Aslında film fena başlamıyor: Londra'nın dar ve işlek caddelerinde geçen hızlı takip ve aksiyon bölümü, Vaughn'ın ilk filmden aşina olduğumuz 360 derece dönen kamera hareketleri ve dar mekândaki dövüş koreografisiyle yine adrenalimizi yükseltiyor. Ama sonrasında senaryo o kadar uçuk ve absürd ki, izlediklerimizi ciddiye almak zorlaşıyor. CGI kullanımının çok bariz olduğu aksiyon sahneleri de artık daha çok bir bilgisayar oyunundan alınmış kayıtlara dönüşüyor. İlk film eski Bond filmlerini anımsatıyorsa, bu film zeka düzeyiyle maalesef daha çok Spy Kids serisine yakınlaşıyor.

FRAGMAN

Kingsman: The Golden Circle (2017) on IMDb

Benim Notum: 5,5 / 10


5 Ekim 2017

It


It ile Netflix dizisi Stranger Things arasında paralellikler kurmamak mümkün değil. İkisi de seksenlerde küçük bir Amerikan kasabasında geçiyor, ikisinde de hikayenin merkezinde bisikletleriyle dolaşan bir grup dışlanmış ve zorbalığa maruz kalmış çocuk var, ikisinde de bir kız sonradan gruba katılıyor, ve elbette ikisinde de başka bir boyuttan gelen bir yaratık etrafa dehşet saçıyor. Üstüne üstlük çocuklardan birinin (Finn Wolfhard) iki yapımda da oynaması benzerlik duygusunu daha da arttırıyor. Ama bizim sinemalarda şimdi izlediğimiz It filmi için "Stranger Things'den esinlenmiş" demek haksızlık olur, çünkü aslında It korku romanları yazarı Stephen King'in ta 86'da yazdığı bir eser. Yani aslında "meğer televizyon dizisi Stranger Things birçok fikri o romandan apartmışmış" demek daha doğru bir tespit.

Derry kasabasında bir grup çocuğun, palyaço kılığındaki kötü bir ruha karşı verdikleri mücadeleyi anlatan It elbette Stranger Things'in daha korkunç bir versiyonu.
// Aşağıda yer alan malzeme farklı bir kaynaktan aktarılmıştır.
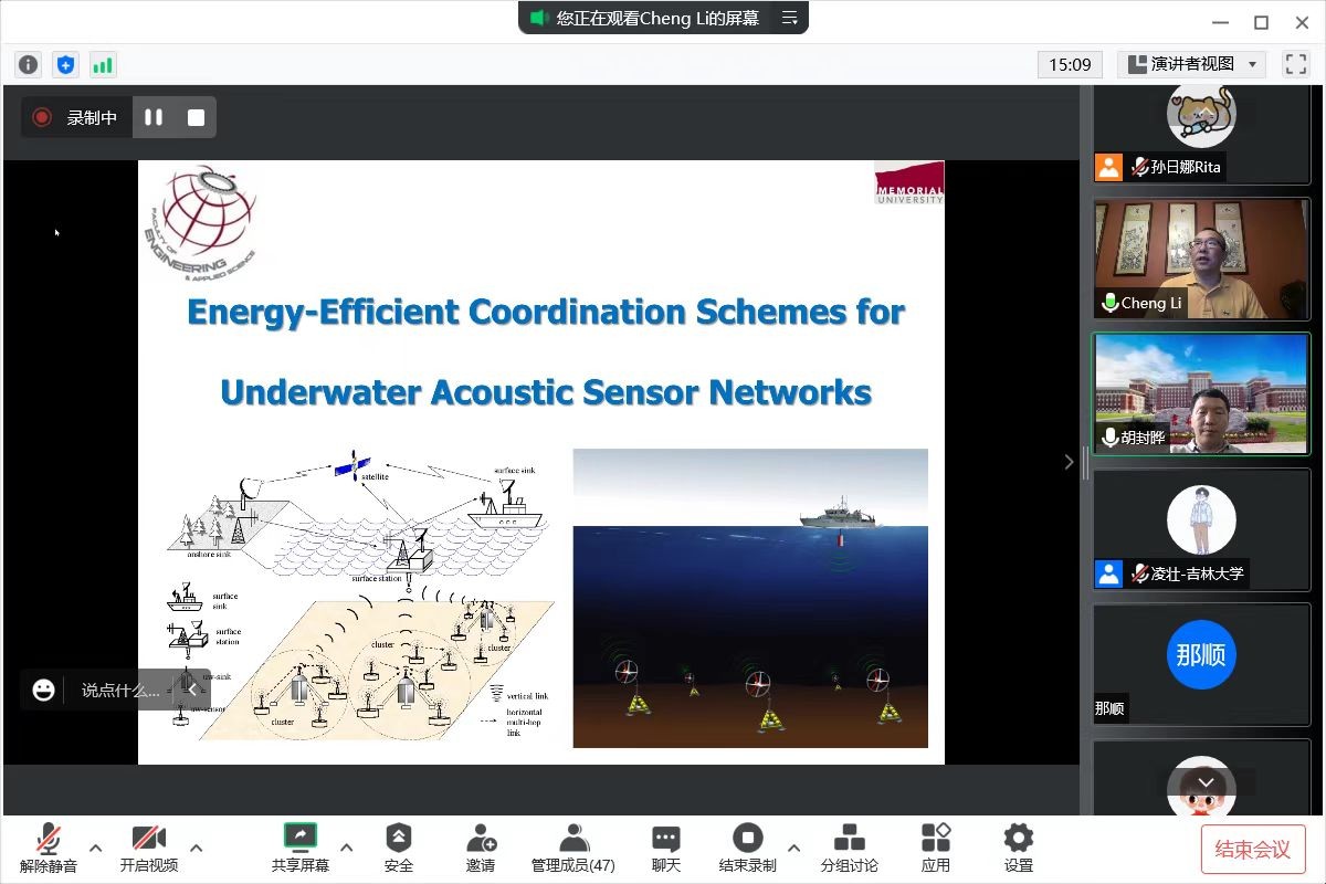 师生开展题为“Energy-Efficient Coordination Schemes for Underwater Acoustics Networks”线上学术交流活动。交流会由胡封晔教授主持。
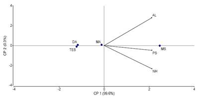 El análisis de prueba de Duncan realizado para la altura de las plantas (AL) no mostró diferencias estadísticas significativas entre los tratamientos (Tabla 4). Sin embargo, a pesar de no haber diferencias significativas en las variables evaluadas para el desarrollo de las plantas, el análisis de componentes principales, evidencia que las variables tienen afinidad con el tratamiento a base de bacterias MOSY21 (MS) identificada como P. plecoglossicida, lo que indica que hay una tendencia a mejora de las plantas por acción del tratamiento con bacterias PCPRs (Figura 2). Con los resultados del análisis de componentes principales, se puede sustentar, que las bacterias promotoras de crecimiento vegetal contribuyen al desarrollo de las plantas de banano. Diferentes investigadores han realizado publicaciones en la que demostraron que las bacterias PGPRs promueven el desarrollo de las plantas de banano (Ochoa et al., 2022; Jaizme-Vega et al., 2003) y otros cultivos (Sánchez, 2011; Di Salvo et al., 2018; Hussain et al., 2022).
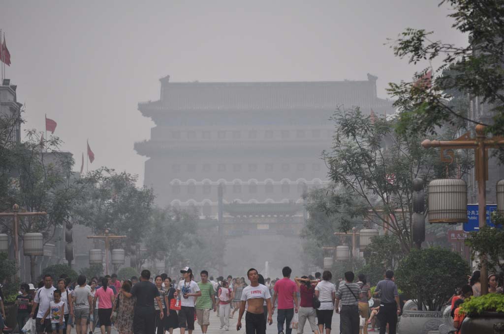 Wir blieben nicht lange und schlenderten über die Hauptstraße lieber zum Gelände des Neuen Sommerpalastes. Auf dem Weg dorthin sahen wir einen Reisebus der komplett mit Werbung für Norwegen vom norwegischen Tourismusamt beklebt wurde, visitnorway.cn war deutlich zu lesen. Meine Güte, was für schöne Bilder von sauberer Natur, umhüllt vom Pekinger Smog.
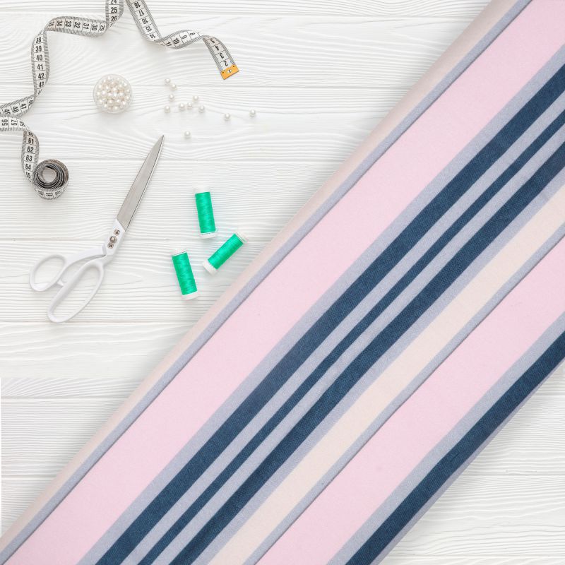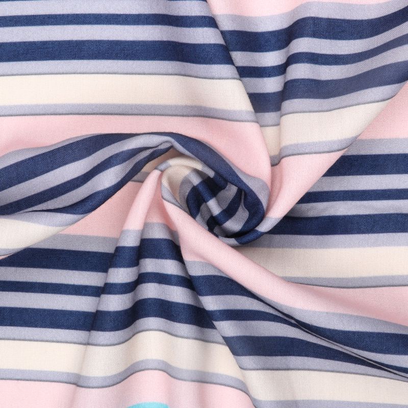 Top QualityDusty Pink And Navy Blue Stripes Pattern Digital Print Rayon Fabric

Arjantinli yönetmen Andy Muschietti, bu korku klasiğini romandan beyazperdeye uyarlarken, Stephen King hayranlarını tatmin edecek bir sonuç almayı başarmış. Ben şiddet dozunu beklediğimden daha fazla buldum. Bir Hollywood kuralıdır, özellikle çocukların ön planda olduğu sahnelerde şiddet seviyesi belli bir sınırda tutulur. Ama daha açılışta canavar ruhlu palyaço Pennywise altı yaşındaki küçük Georgie'nin kolunu kopardığında, filmin bu kuralı pek umursamadığını anlıyoruz. İyi çekilmiş korku sahneleri bir yana, yönetmen Muschietti bence çocukların dünyasını ve aralarındaki ilişkileri anlatırken daha iyi bir iş çıkarıyor. Ve o 13 yaş gençliği tasviri filmin asıl güçlü yanı haline geliyor.

Sondaki final kapışması biraz fazla uzatılmış ve gereksiz tekrarlara düşülmüş olsa da, It iyi çekilmiş, iyi kurgulanmış, dengeli bir mizah duygusu da içeren etkili bir Stephen King uyarlaması.